Collected data entries:

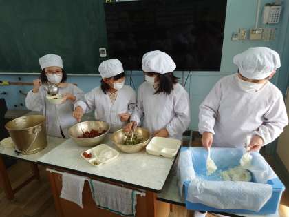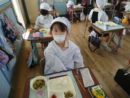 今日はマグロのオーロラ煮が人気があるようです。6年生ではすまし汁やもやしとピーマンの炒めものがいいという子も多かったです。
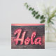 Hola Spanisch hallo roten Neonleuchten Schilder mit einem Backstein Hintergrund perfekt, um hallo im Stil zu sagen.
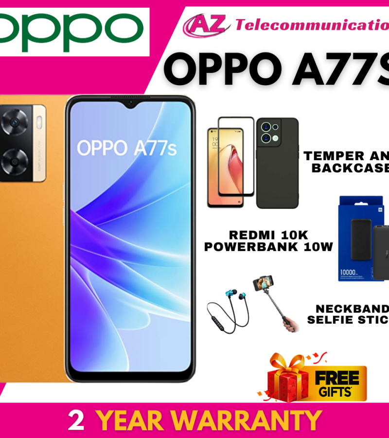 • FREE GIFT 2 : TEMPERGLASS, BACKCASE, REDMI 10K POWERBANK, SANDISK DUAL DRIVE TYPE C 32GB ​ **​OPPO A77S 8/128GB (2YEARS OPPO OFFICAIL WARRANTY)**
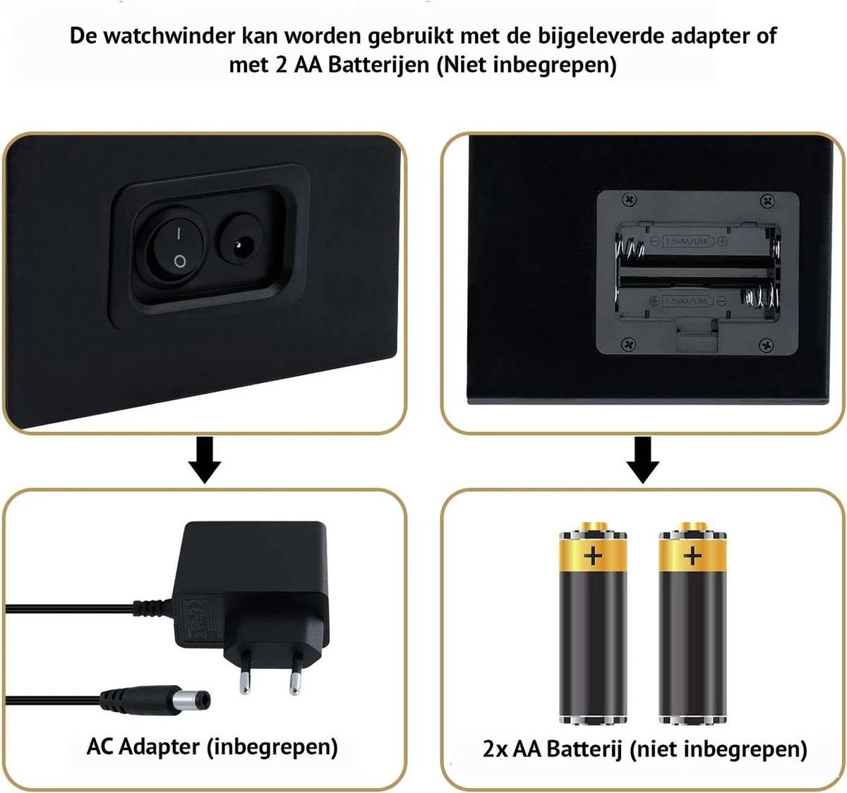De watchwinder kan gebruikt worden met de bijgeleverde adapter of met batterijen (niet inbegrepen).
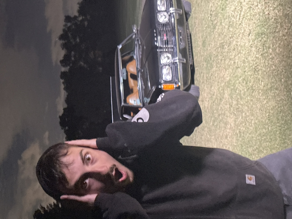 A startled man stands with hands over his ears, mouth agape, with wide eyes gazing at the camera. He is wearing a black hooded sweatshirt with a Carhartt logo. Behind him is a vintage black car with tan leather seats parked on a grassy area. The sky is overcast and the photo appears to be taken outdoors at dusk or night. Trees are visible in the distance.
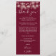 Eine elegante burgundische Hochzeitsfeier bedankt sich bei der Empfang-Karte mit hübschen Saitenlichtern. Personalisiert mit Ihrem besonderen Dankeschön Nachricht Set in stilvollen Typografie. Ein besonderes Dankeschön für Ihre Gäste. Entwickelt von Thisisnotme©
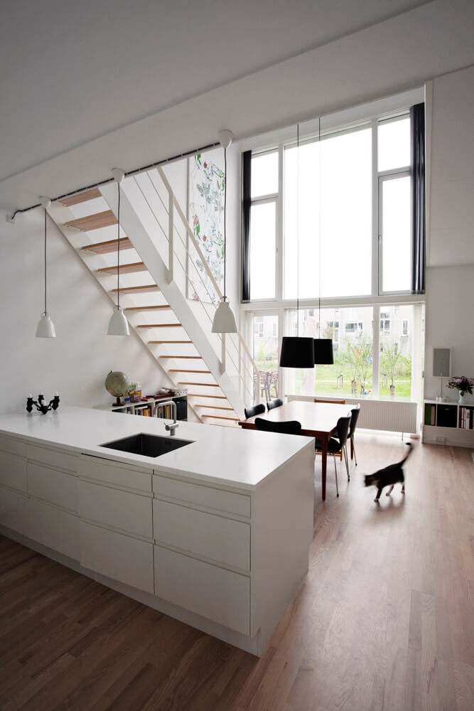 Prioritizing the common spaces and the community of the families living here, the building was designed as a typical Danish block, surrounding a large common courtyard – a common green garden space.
---
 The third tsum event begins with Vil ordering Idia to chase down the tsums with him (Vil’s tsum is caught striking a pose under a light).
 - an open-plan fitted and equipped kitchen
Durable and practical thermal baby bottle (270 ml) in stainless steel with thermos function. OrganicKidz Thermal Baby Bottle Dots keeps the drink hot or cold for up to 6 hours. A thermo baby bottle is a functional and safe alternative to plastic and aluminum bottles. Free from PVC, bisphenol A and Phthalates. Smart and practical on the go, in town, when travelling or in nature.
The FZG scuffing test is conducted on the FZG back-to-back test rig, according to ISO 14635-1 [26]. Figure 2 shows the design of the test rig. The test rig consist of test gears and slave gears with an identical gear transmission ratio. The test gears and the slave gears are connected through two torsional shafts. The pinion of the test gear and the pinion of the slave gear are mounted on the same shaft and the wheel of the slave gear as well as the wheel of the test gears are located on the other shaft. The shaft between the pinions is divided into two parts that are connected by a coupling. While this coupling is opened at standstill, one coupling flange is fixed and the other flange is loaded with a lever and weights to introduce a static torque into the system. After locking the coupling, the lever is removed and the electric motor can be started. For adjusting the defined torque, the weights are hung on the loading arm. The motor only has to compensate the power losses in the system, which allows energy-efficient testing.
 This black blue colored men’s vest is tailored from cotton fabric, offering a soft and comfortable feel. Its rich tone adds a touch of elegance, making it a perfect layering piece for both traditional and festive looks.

Work to complete: From the records above, return exactly the lines running from the one that contains "OPPO OFFICAIL WARRANTY)**" down to the one that contains "De watchwinder kan", both included, without any pictures.

Result of the task:
 • FREE GIFT 2 : TEMPERGLASS, BACKCASE, REDMI 10K POWERBANK, SANDISK DUAL DRIVE TYPE C 32GB ​ **​OPPO A77S 8/128GB (2YEARS OPPO OFFICAIL WARRANTY)**
De watchwinder kan gebruikt worden met de bijgeleverde adapter of met batterijen (niet inbegrepen).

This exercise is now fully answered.